• Exercise aim
Up to and including the line that holds "La rápida declinación", copy every line of the records below exactly, starting at the first; leave pictures out.

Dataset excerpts

------------------------------------------------------------

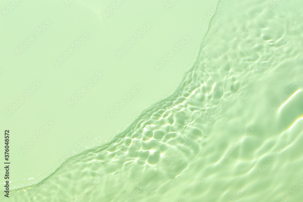 Closeup of mint green transparent clear calm water surface texture with splashes and bubbles. Trendy abstract summer nature background. Mint colored waves in sunlight. Copy space.
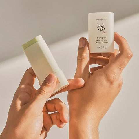 Meet the Beauty of Joseon Matte Sun Stick — a sebum-regulating sunscreen that leaves a velvety matte finish without any greasy residue. Its formula combines porous silica powder to absorb excess oil with mugwort and camellia extracts to soothe and hydrate the skin.
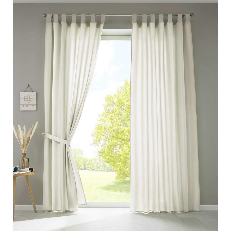 - Set of 2 opaque and translucent curtains made of micro satin with loops and ruffle tape. The curtains come complete with a tieback
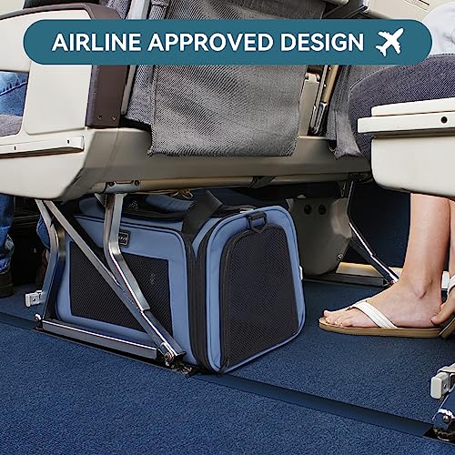 Petsfit 18 x 11 x 11 Airline Approved Pet Carrier, Upgraded Patented Car Buckle Soft Sided Cat Carrier, 4 Side Ventilated with Adjustable Shoulder Straps and Soft Cushion.Blue PETSFIT Pet Carrier, Dog Carrier Airline Approved, Collapsible Soft Sided TSA Approved Pet Carrier for Small and Medium Cats, Puppies Up to 12 Lbs, Cat Travel Carrier, Blue
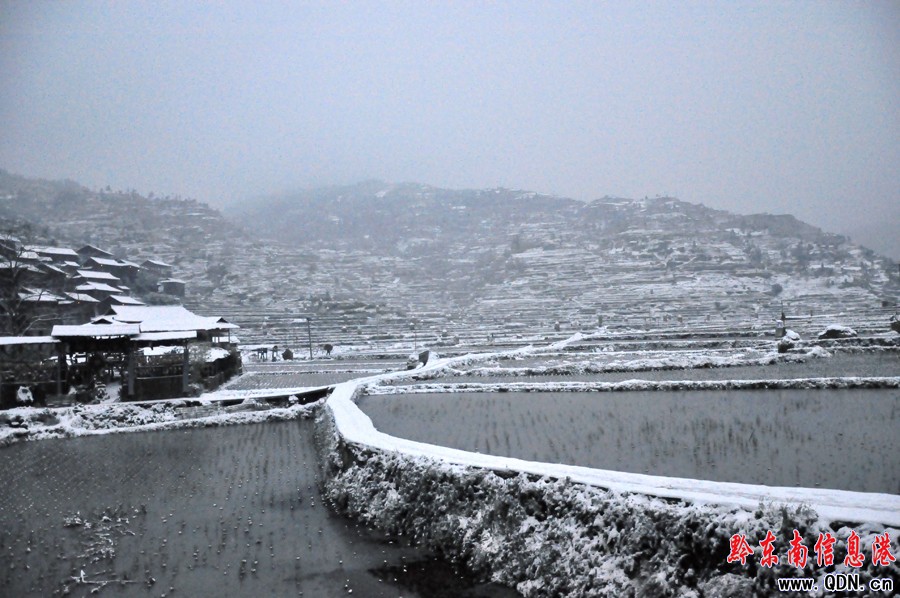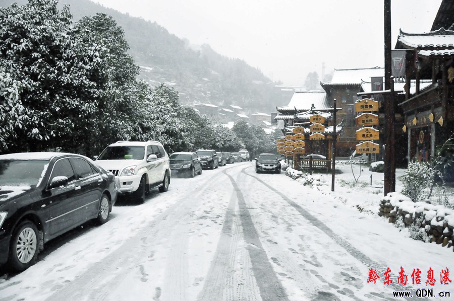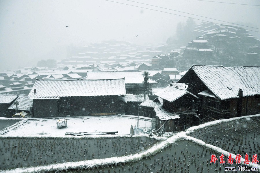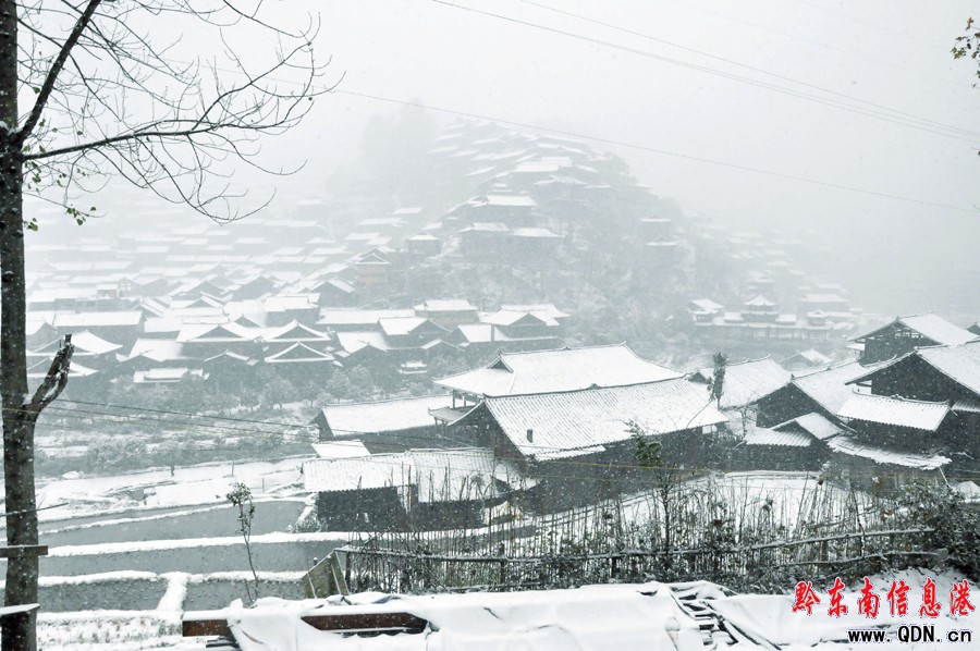 1月4日,西江千戶苗寨上空飄下皚皚大雪,給苗寨憎添了一道迷人靚麗的景色。當日下午的西江,銀裝素裹。整個苗寨蓋上了一層厚厚的積雪,宛如怕冷的它,戴上了一頂白氈帽。游客們感受著西江這一片白茫茫的圖景,大發玩興,紛紛駐足合影留念。(張鴻)
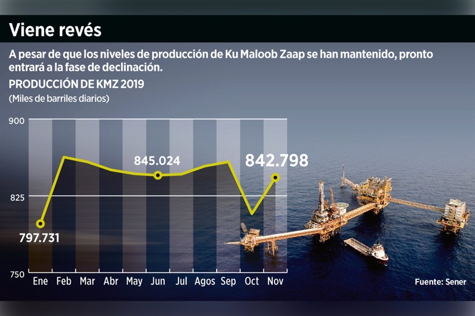 La rápida declinación que sufrió la entonces joya petrolera de México, Cantarell, se anticipa para el campo que ahora aporta la mayor producción de Pemex: Ku Maloob Zaap.
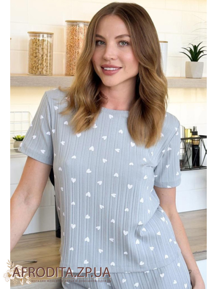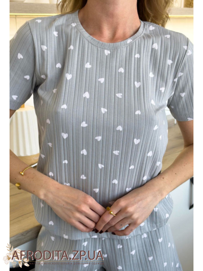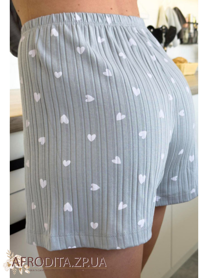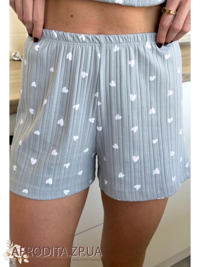 Жіноча піжама із шортами з бавовни GH02 від українського бренду Cosy. В комплект входить футболка та шорти сірого кольору з білими серцями, футболка з коротким рукавами про округлу форму горловини, шорти вільного крою на гумці. Піжама дуже м'яка і приємна до тіла і може бути чудовим подарунком для боїсної людини.
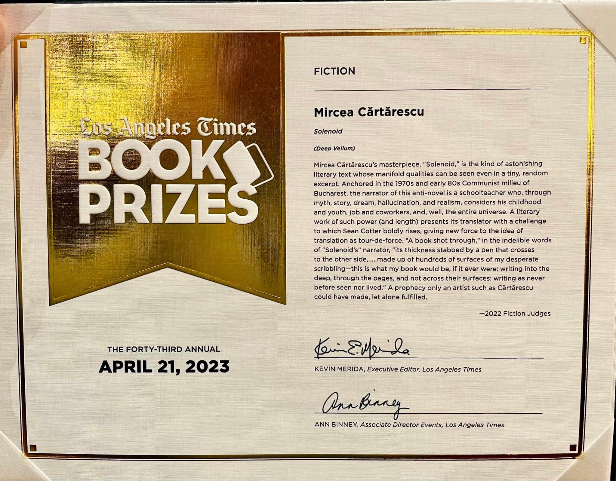 BREAKING Mircea Cărtărescu a câștigat Los Angeles Times Book Prize la categoria Ficțiune cu romanul Solenoid
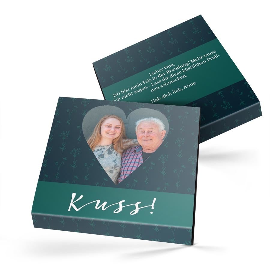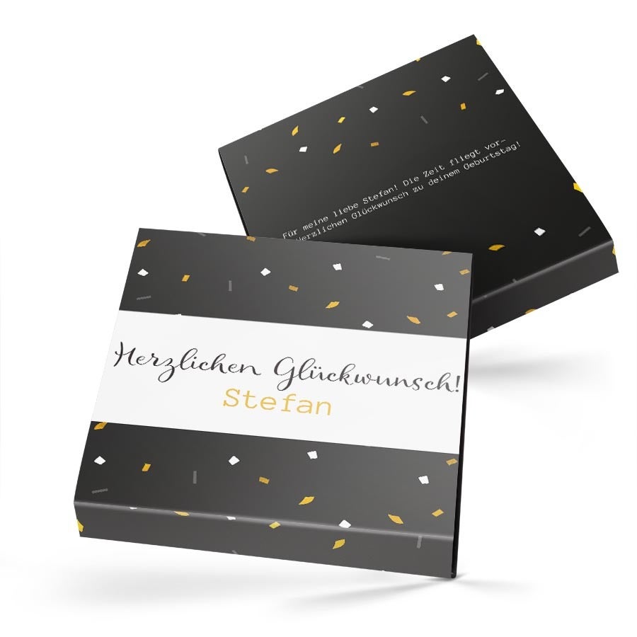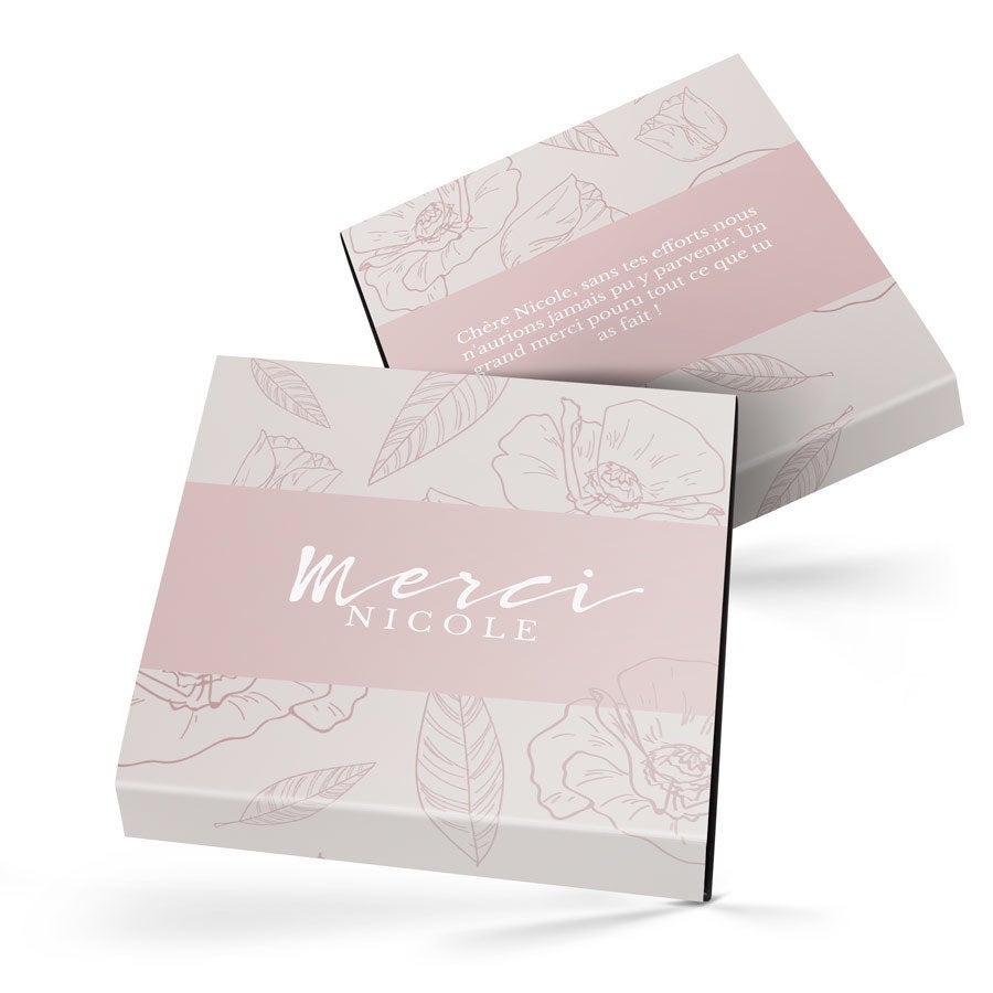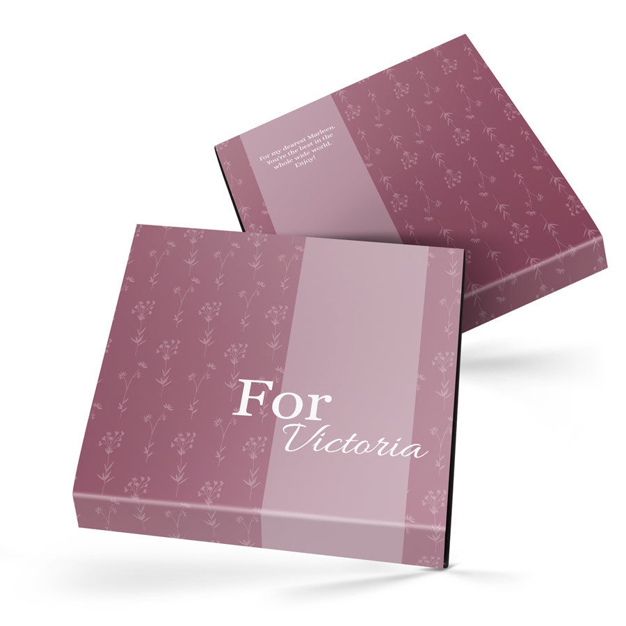 Surprenez vos proches avec des chocolats dans un coffret cadeau luxueux arborant votre design. De délicieux chocolats dans un coffret cadeau avec photo et nom !
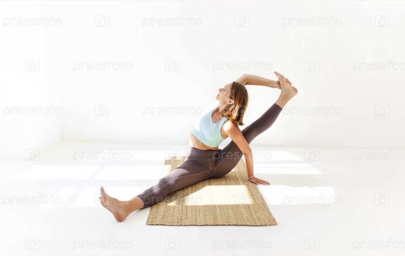 Гибкая женщина занимается йогой дома
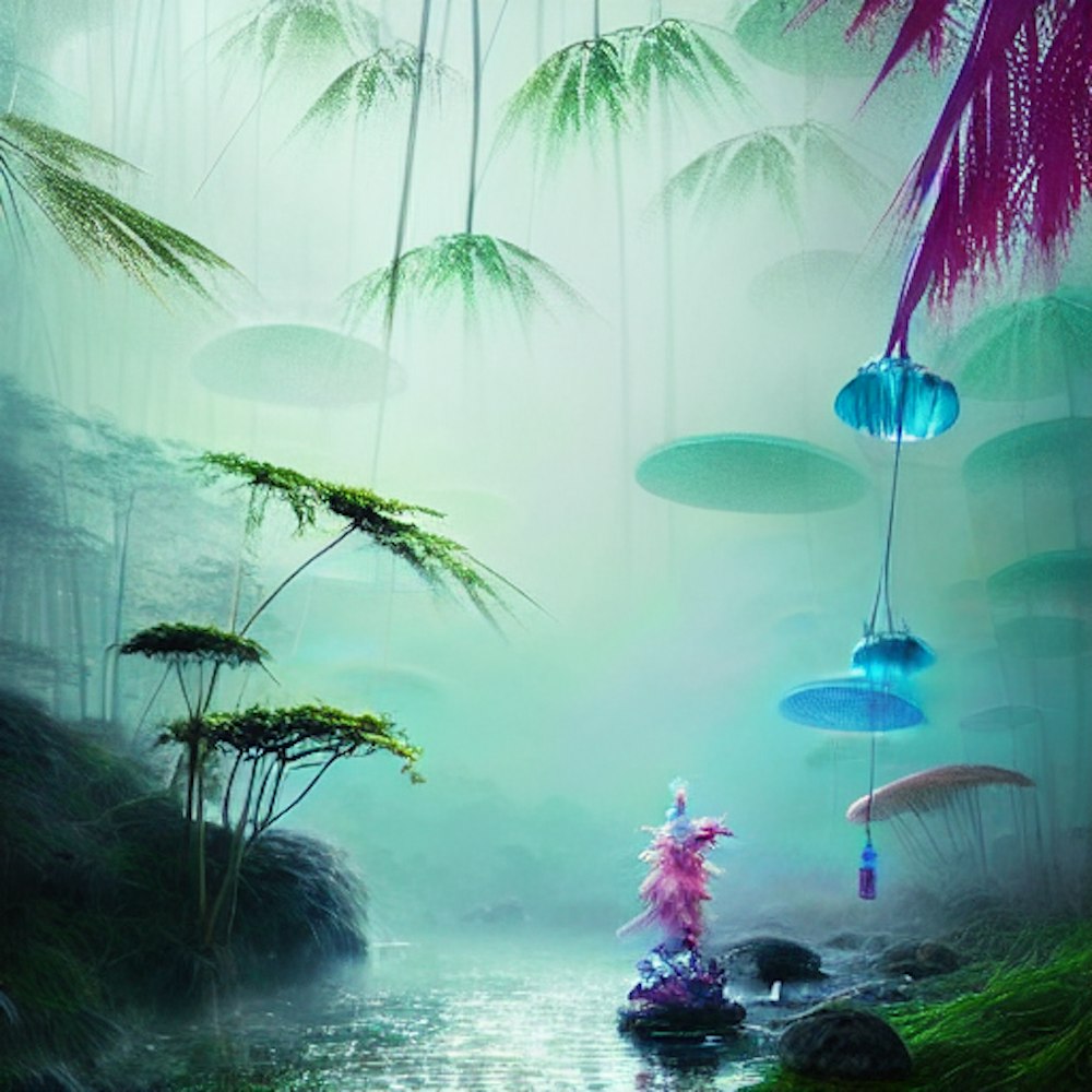 foggy hazy bamboo trees forest, flowers moss, stones, floating glowing paper lanterns
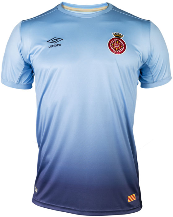 アウェイユニフォームは、地中海に面した土地柄のジローナらしくブルーを基調。海深く沈むような、上から下にかけて濃さが増すグラデーションが美しいデザインだ。
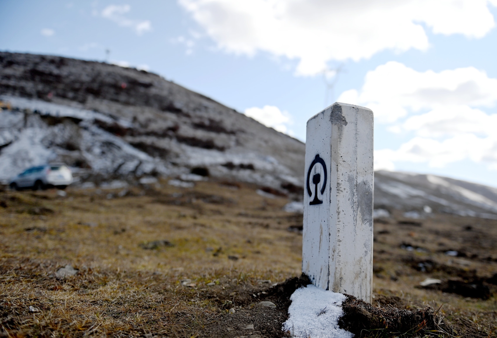 红原2号隧道出口外的铁路线界碑。成兰铁路公司供图
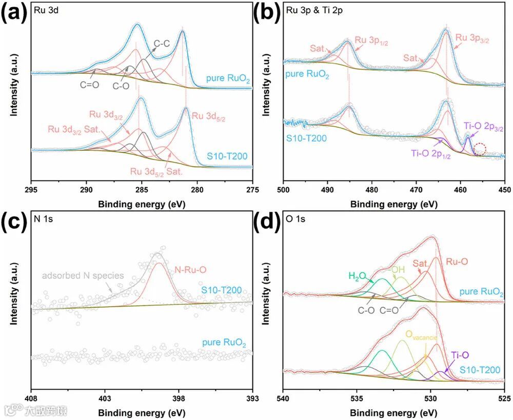 图 2 通过 XPS 和 ESR 揭示 N 掺杂与界面效应对电子结构的调控作用。Ru 3d/3p 谱结合能负移表明 N 原子向 Ru 位点注入电子,降低氧化态并增强金属 - 载体相互作用。N 1s 谱和 O 1s 谱及相关信号证明缺陷形成。界面 Ru-O-Ti 桥结构通过 Ti 的电子供体效应进一步优化 Ru 位点电荷分布,协同削弱 Ru-O 共价性,抑制晶格氧流失。

------------------------------------------------------------

• Answer box
 Closeup of mint green transparent clear calm water surface texture with splashes and bubbles. Trendy abstract summer nature background. Mint colored waves in sunlight. Copy space.
 Meet the Beauty of Joseon Matte Sun Stick — a sebum-regulating sunscreen that leaves a velvety matte finish without any greasy residue. Its formula combines porous silica powder to absorb excess oil with mugwort and camellia extracts to soothe and hydrate the skin.
 - Set of 2 opaque and translucent curtains made of micro satin with loops and ruffle tape. The curtains come complete with a tieback
 Petsfit 18 x 11 x 11 Airline Approved Pet Carrier, Upgraded Patented Car Buckle Soft Sided Cat Carrier, 4 Side Ventilated with Adjustable Shoulder Straps and Soft Cushion.Blue PETSFIT Pet Carrier, Dog Carrier Airline Approved, Collapsible Soft Sided TSA Approved Pet Carrier for Small and Medium Cats, Puppies Up to 12 Lbs, Cat Travel Carrier, Blue
 1月4日,西江千戶苗寨上空飄下皚皚大雪,給苗寨憎添了一道迷人靚麗的景色。當日下午的西江,銀裝素裹。整個苗寨蓋上了一層厚厚的積雪,宛如怕冷的它,戴上了一頂白氈帽。游客們感受著西江這一片白茫茫的圖景,大發玩興,紛紛駐足合影留念。(張鴻)
 La rápida declinación que sufrió la entonces joya petrolera de México, Cantarell, se anticipa para el campo que ahora aporta la mayor producción de Pemex: Ku Maloob Zaap.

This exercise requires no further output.